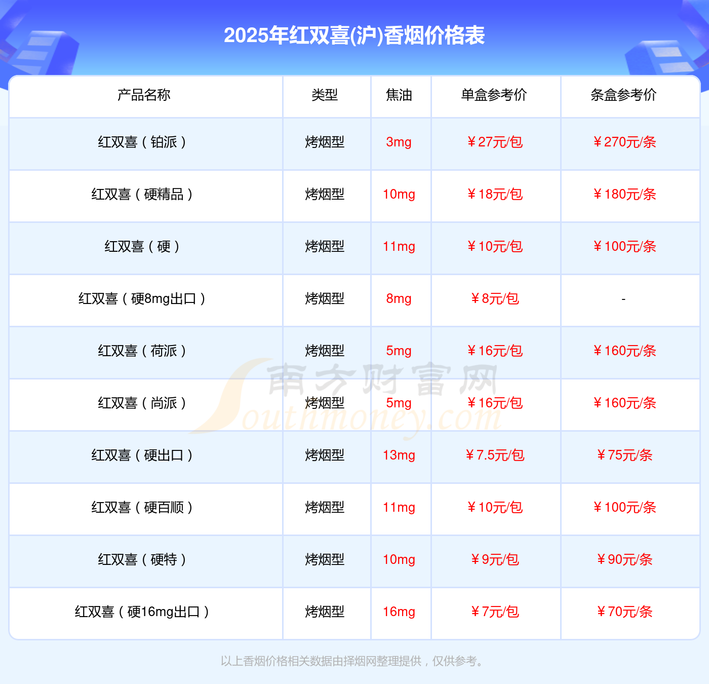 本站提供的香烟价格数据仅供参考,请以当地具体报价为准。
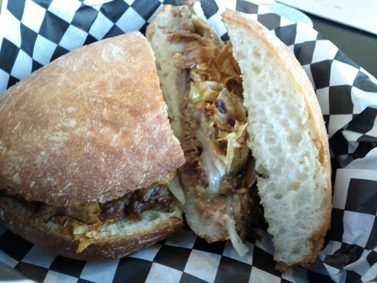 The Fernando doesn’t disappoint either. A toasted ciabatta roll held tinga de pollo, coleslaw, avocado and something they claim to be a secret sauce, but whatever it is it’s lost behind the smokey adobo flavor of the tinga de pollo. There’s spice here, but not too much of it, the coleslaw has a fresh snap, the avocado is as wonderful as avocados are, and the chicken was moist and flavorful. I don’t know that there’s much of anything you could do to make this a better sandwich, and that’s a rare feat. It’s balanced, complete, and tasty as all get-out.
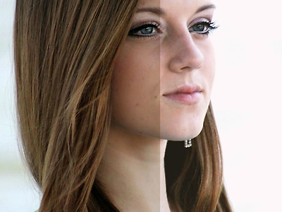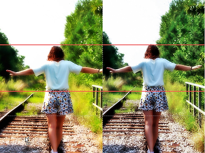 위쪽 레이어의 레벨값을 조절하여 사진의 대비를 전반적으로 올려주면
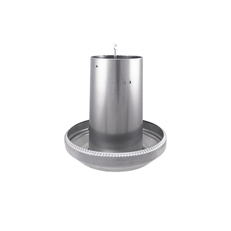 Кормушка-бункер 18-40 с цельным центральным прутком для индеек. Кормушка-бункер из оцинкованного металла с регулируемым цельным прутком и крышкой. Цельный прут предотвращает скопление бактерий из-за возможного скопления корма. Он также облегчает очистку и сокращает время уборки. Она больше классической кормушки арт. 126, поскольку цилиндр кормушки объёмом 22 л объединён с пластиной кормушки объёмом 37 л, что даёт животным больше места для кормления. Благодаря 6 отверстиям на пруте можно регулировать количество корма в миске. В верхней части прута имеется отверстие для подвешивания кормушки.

=== Task to complete ===
Would you restate the listing word for word without its pictures?

=== Written answer ===
 本站提供的香烟价格数据仅供参考,请以当地具体报价为准。
 The Fernando doesn’t disappoint either. A toasted ciabatta roll held tinga de pollo, coleslaw, avocado and something they claim to be a secret sauce, but whatever it is it’s lost behind the smokey adobo flavor of the tinga de pollo. There’s spice here, but not too much of it, the coleslaw has a fresh snap, the avocado is as wonderful as avocados are, and the chicken was moist and flavorful. I don’t know that there’s much of anything you could do to make this a better sandwich, and that’s a rare feat. It’s balanced, complete, and tasty as all get-out.
 위쪽 레이어의 레벨값을 조절하여 사진의 대비를 전반적으로 올려주면
 Кормушка-бункер 18-40 с цельным центральным прутком для индеек. Кормушка-бункер из оцинкованного металла с регулируемым цельным прутком и крышкой. Цельный прут предотвращает скопление бактерий из-за возможного скопления корма. Он также облегчает очистку и сокращает время уборки. Она больше классической кормушки арт. 126, поскольку цилиндр кормушки объёмом 22 л объединён с пластиной кормушки объёмом 37 л, что даёт животным больше места для кормления. Благодаря 6 отверстиям на пруте можно регулировать количество корма в миске. В верхней части прута имеется отверстие для подвешивания кормушки.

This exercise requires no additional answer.